I needed a way to make the metrics compatible, and another Otel exporter helped me achieve this. I introduced the Prometheus Exporter to my pipeline. This exporter exports data in the Prometheus format, allowing it to be scraped by a Prometheus server.
Here is the configuration for the Prometheus exporter:
prometheus:
enable_open_metrics: true
endpoint: 0.0.0.0:9999
metric_expiration: 3m
namespace: statsd
resource_to_telemetry_conversion:
enabled: true
send_timestamps: true
Now that I had the Prometheus exporter, I needed to write data to it by modifying the pipeline.

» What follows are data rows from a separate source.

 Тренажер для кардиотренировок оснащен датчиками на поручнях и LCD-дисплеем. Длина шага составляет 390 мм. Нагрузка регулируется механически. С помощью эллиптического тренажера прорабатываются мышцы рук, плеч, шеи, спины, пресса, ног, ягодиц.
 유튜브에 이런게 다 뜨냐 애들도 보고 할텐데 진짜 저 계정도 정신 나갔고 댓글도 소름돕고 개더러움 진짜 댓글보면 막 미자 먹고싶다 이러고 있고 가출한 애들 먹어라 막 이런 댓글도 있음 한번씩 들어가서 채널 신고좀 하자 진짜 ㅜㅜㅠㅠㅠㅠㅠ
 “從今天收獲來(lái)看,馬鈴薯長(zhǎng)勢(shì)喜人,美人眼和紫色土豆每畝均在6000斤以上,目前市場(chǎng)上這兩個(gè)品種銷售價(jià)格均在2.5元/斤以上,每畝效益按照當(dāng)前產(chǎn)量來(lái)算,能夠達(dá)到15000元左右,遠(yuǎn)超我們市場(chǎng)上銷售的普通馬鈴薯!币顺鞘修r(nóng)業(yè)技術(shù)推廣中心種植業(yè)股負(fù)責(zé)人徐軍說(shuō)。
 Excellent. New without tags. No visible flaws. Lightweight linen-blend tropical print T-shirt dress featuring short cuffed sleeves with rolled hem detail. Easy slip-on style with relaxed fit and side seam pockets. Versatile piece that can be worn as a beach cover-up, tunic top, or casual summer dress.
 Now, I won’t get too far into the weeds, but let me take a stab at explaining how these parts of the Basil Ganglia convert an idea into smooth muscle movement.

In reality, I needed two pipelines, so I created the first one named “statsd”:
metrics/statsd:
exporters:
- logging
- prometheus
processors:
- memory_limiter
- batch
- cumulativetodelta
receivers:
- statsd
This pipeline receives data from StatsD and exports it as Prometheus metrics. I can now access my metrics using “MY_IP:9999/metrics”. My metrics are now in the Prometheus format. The next step is to scrape them and send them to the Prometheus backend. This can be achieved using the Prometheus receiver and scrape configuration:
prometheus:
config:
scrape_configs:
- job_name: statsd
metric_relabel_configs:
- replacement: dev
target_label: env
scrape_interval: 60s
static_configs:
- targets:
- localhost:9999
Finally, I can build my pipelines, which will perform the following steps: data -> StatsD -> Prometheus endpoint -> scrape job -> Prometheus backend.

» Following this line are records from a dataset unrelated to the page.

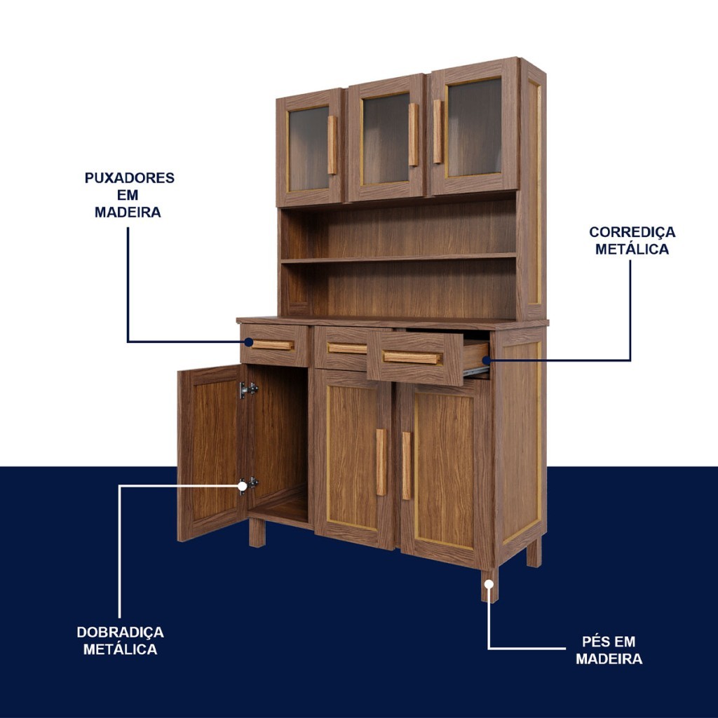 Armário de Cozinha Bahia 6 Portas 3 Gavetas com Vidro Ypê - Rodmóveis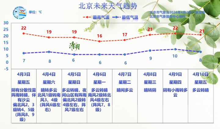 本周末即将迎来清明节气,也是祭扫的高峰时期。4月4日至6日清明假期期间,北京多大风天气,白天阵风6级至8级,夜间风力减弱。天干物燥,请注意文明祭扫,严禁一切野外用火。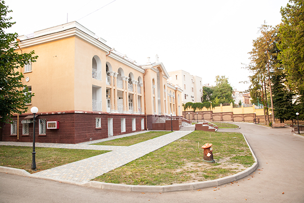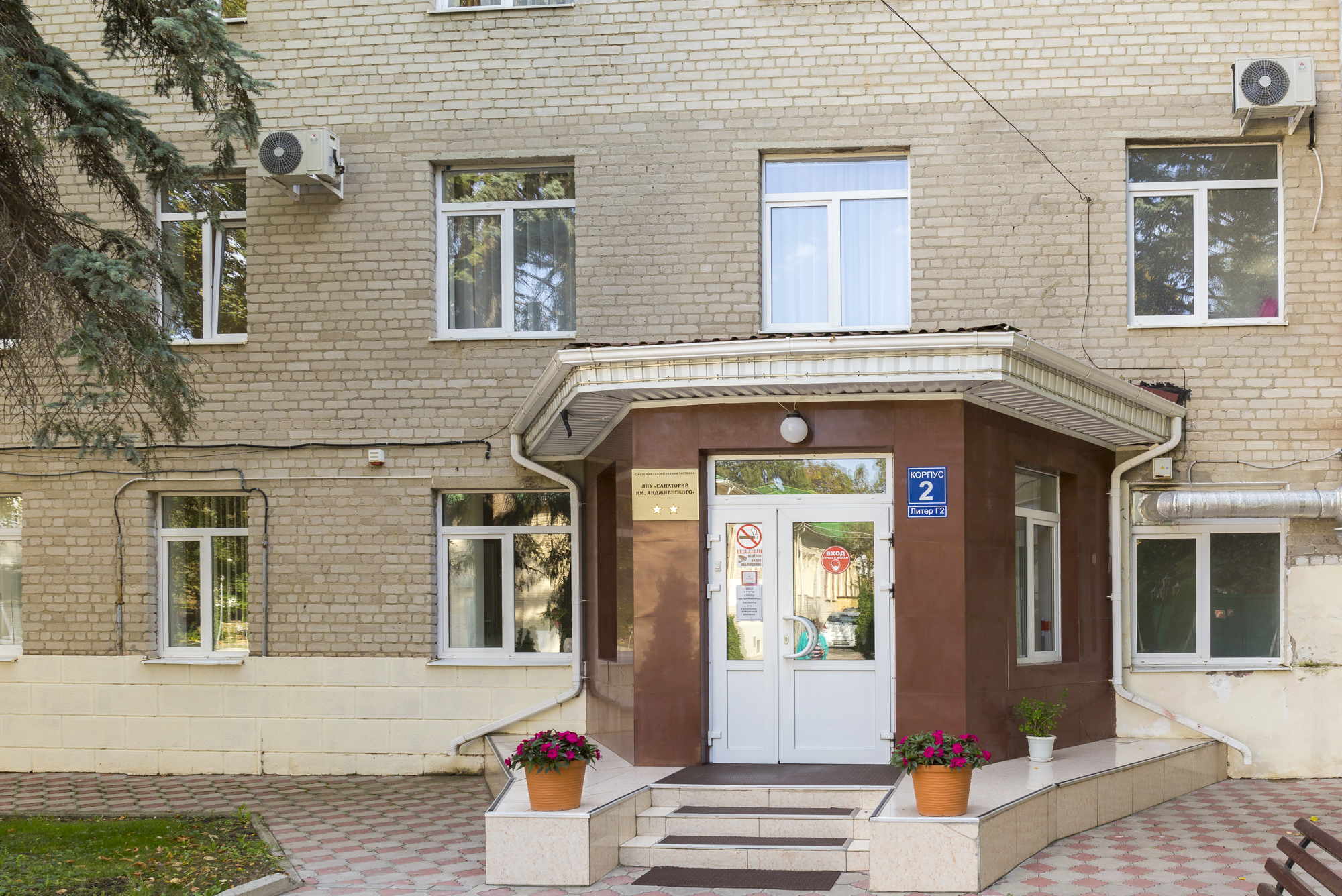 Спальный корпус - старинное здание дворцового стиля, построен в 1875 г., соединен теплыми переходами с клубом-столовой, лечебным корпусом.

Here is the pipeline configuration in code:
metrics/prometheus:
exporters:
- logging
- prometheusremotewrite
processors:
- memory_limiter
- batch
receivers:
- otlp
- prometheus
metrics/statsd:
exporters:
- logging
- prometheus
processors:
- memory_limiter
- batch
- cumulativetodelta
receivers:
- statsd
The cumulativetodelta processor is required in the StatsD pipeline because it converts monotonic, cumulative sum, and histogram metrics to monotonic delta metrics. Non-monotonic sums and exponential histograms are excluded.

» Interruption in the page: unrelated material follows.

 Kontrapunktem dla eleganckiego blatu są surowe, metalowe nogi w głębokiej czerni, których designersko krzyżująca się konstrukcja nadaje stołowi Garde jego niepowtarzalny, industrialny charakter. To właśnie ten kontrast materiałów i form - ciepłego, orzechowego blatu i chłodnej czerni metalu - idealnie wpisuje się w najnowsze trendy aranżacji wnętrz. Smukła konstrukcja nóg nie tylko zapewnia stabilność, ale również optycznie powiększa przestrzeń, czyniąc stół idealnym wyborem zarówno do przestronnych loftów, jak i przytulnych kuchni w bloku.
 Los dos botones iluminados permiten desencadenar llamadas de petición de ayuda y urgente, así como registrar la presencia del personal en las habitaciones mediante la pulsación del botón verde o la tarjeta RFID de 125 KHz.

Processors also need to be defined in the configuration:
processors:
batch: {}
cumulativetodelta: null
memory_limiter:
check_interval: 5s
limit_percentage: 80
spike_limit_percentage: 25
The final configuration will look like this:
exporters:
logging: {}
prometheusremotewrite:
auth:
authenticator: sigv4auth
endpoint: https://PROMETHEUS/api/v1/remote_write
resource_to_telemetry_conversion:
enabled: true
timeout: 30s
prometheus:
enable_open_metrics: true
endpoint: 0.0.0.0:9999
metric_expiration: 3m
namespace: statsd
resource_to_telemetry_conversion:
enabled: true
send_timestamps: true
extensions:
health_check: {}
processors:
batch: {}
cumulativetodelta: null
memory_limiter:
check_interval: 5s
limit_percentage: 80
spike_limit_percentage: 25
receivers:
prometheus:
config:
scrape_configs:
- job_name: opentelemetry-collector
metric_relabel_configs:
- replacement: statsd
target_label: type
scrape_interval: 10s
static_configs:
- targets:
- localhost:8888
- job_name: statsd
metric_relabel_configs:
- replacement: dev
target_label: env
scrape_interval: 60s
static_configs:
- targets:
- localhost:9999
statsd:
endpoint: 0.0.0.0:8125
is_monotonic_counter: true
service:
extensions:
- health_check
pipelines:
metrics/prometheus:
exporters:
- logging
- prometheusremotewrite
processors:
- memory_limiter
- batch
receivers:
- otlp
- prometheus
metrics/statsd:
exporters:
- logging
- prometheus
processors:
- memory_limiter
- batch
- cumulativetodelta
receivers:
- statsd
As you can see in this configuration, there is an additional scrape job on port 8888. This is not required for StatsD, but this endpoint exposes Otel metrics. If you want to have the ability to monitor the status of your Otel installation, I suggest adding this scrape job.